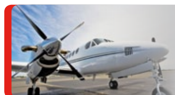
Light Aircraft & Helicopter
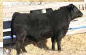
88C - Maternal brother
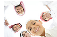
Honoring All Families
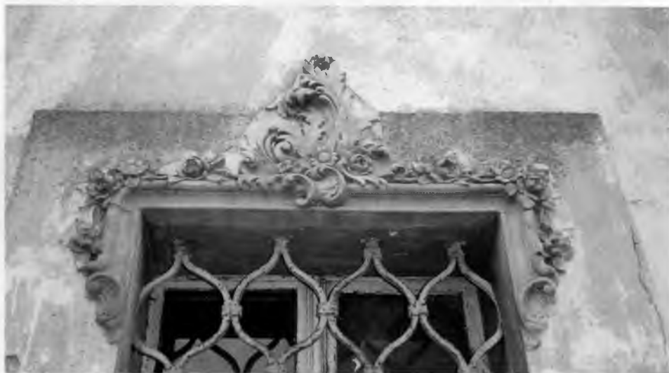
11. The Gaj Mały estate from the west, showing the gallery's building altered entrance, photograph by the author (2003)

to medieval town gates or to Gothic fortified churches. Furthermore, there is a number of differently shaped roofs and even combinations of the most divergent construction techniques. The palace has a large wooden staircase while the small tower next to the gallery contains an iron spiral staircase of the latest fashion. It can be taken for granted that Raczyński cooperated closely with the architect and gave very precise instructions. The use of neo-Rococo elements, for instance, is surprising, for the phenomenon of neo-Rococo in Poland started not until the 1890s. 132 Possibly, Raczyński had the architect revert to this style because it was during the Rococo period that the family acquired Gaj Mały. Thus, the use of styles was not to define the age of the building but the period of time of the Raczyński family owning it. With the ensemble, Raczyński wanted to attain a picturesque silhouette suggesting organic growth over time. This also explains why the building has multiple axes. Regarding the integration of a gate tower and the number of differently shaped roofs' cupolas, Raczyński's idea possibly was to create the ideal Vedute of a European town.
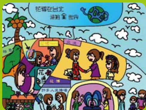
育才國小四年級 陳非比 指導老師：楊詠婷
+++
== Task prompt ==
Restate, word for word, all of the material above, leaving out the images.

== Written solution ==
Light Aircraft & Helicopter
88C - Maternal brother
Honoring All Families
11. The Gaj Mały estate from the west, showing the gallery's building altered entrance, photograph by the author (2003)

to medieval town gates or to Gothic fortified churches. Furthermore, there is a number of differently shaped roofs and even combinations of the most divergent construction techniques. The palace has a large wooden staircase while the small tower next to the gallery contains an iron spiral staircase of the latest fashion. It can be taken for granted that Raczyński cooperated closely with the architect and gave very precise instructions. The use of neo-Rococo elements, for instance, is surprising, for the phenomenon of neo-Rococo in Poland started not until the 1890s. 132 Possibly, Raczyński had the architect revert to this style because it was during the Rococo period that the family acquired Gaj Mały. Thus, the use of styles was not to define the age of the building but the period of time of the Raczyński family owning it. With the ensemble, Raczyński wanted to attain a picturesque silhouette suggesting organic growth over time. This also explains why the building has multiple axes. Regarding the integration of a gate tower and the number of differently shaped roofs' cupolas, Raczyński's idea possibly was to create the ideal Vedute of a European town.
育才國小四年級 陳非比 指導老師：楊詠婷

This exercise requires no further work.